Using GPTQ with AutoGPTQ#

Run the following code snippet.

from transformers import AutoTokenizer, TextGenerationPipeline
from auto_gptq import AutoGPTQForCausalLM, BaseQuantizeConfig
base_model_name = "NousResearch/Llama-2-7b-hf"
quantized_model_name = "llama-2-7b-hf-gptq"
tokenizer = AutoTokenizer.from_pretrained(base_model_name, use_fast=True)
examples = [
    tokenizer(
        "auto-gptq is an easy-to-use model quantization library with user-friendly apis, based on GPTQ algorithm."
    )
]
print(examples)

The resulting examples should be a list of dictionaries whose keys are input_ids and attention_mask.

Set up the quantization configuration using the following snippet.

quantize_config = BaseQuantizeConfig(
    bits=4,               # quantize model to 4-bit
    group_size=128,       # it is recommended to set the value to 128
    desc_act=False,
)

Load the non-quantized model using the AutoGPTQ class and run the quantization.

# Import auto_gptq class.
from auto_gptq import AutoGPTQForCausalLM

# Load non-quantized model.
base_model = AutoGPTQForCausalLM.from_pretrained(base_model_name, quantize_config, device_map = "auto")
base_model.quantize(examples)

# Save quantized model.
base_model.save_quantized(quantized_model_name)

Using GPTQ with Hugging Face Transformers#

To perform a GPTQ quantization using Hugging Face Transformers, you need to create a GPTQConfig instance and set the number of bits to quantize to, and a dataset to calibrate the weights.

from transformers import AutoModelForCausalLM, AutoTokenizer, GPTQConfig

base_model_name = " NousResearch/Llama-2-7b-hf"
tokenizer = AutoTokenizer.from_pretrained(base_model_name)
gptq_config = GPTQConfig(bits=4, dataset="c4", tokenizer=tokenizer)

Load a model to quantize using AutoModelForCausalLM and pass the gptq_config to its from_pretained method.
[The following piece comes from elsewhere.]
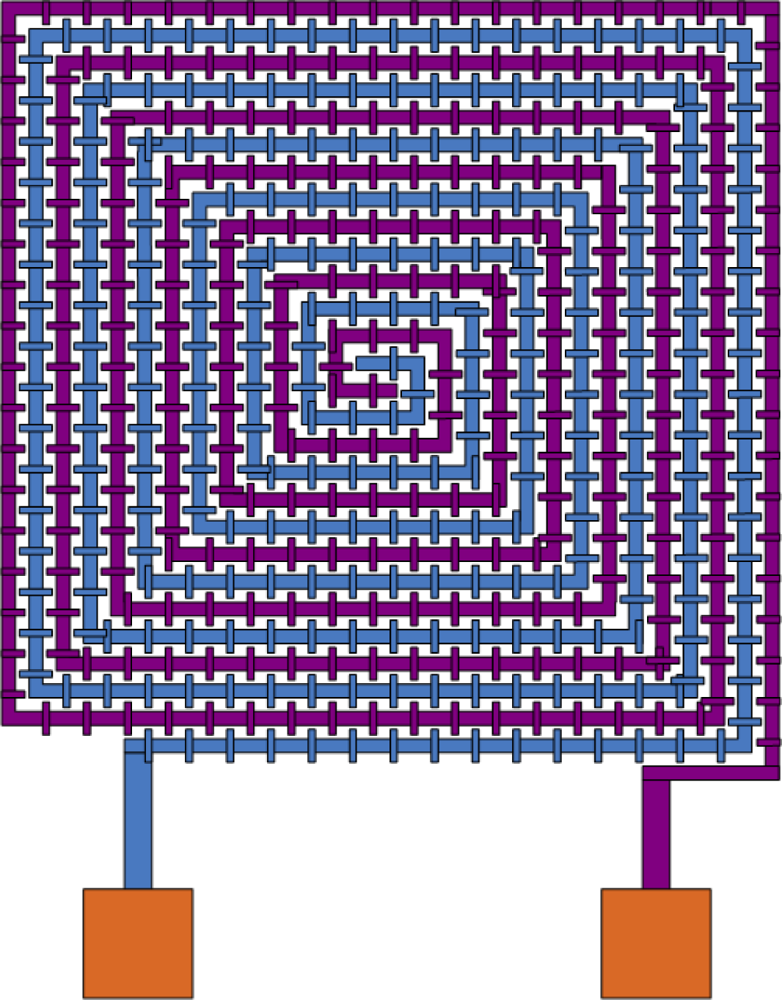 Figure 2 shows the structure of the sensing capacitor that is constructed of spiral interdigital electrodes [7]. The spiral interdigital electrodes can increase the capacitance of the sensor, resulting in enhancing the sensitivity of the sensor. The material of spiral interdigital electrodes is the metal layers of the CMOS process.

Set device_map=”auto” to automatically offload the model to available GPU resources.

quantized_model = AutoModelForCausalLM.from_pretrained(
                        base_model_name,
                        device_map="auto",
                        quantization_config=gptq_config)

Once the model is quantized, you can push the model and tokenizer to Hugging Face Hub for easy share and access.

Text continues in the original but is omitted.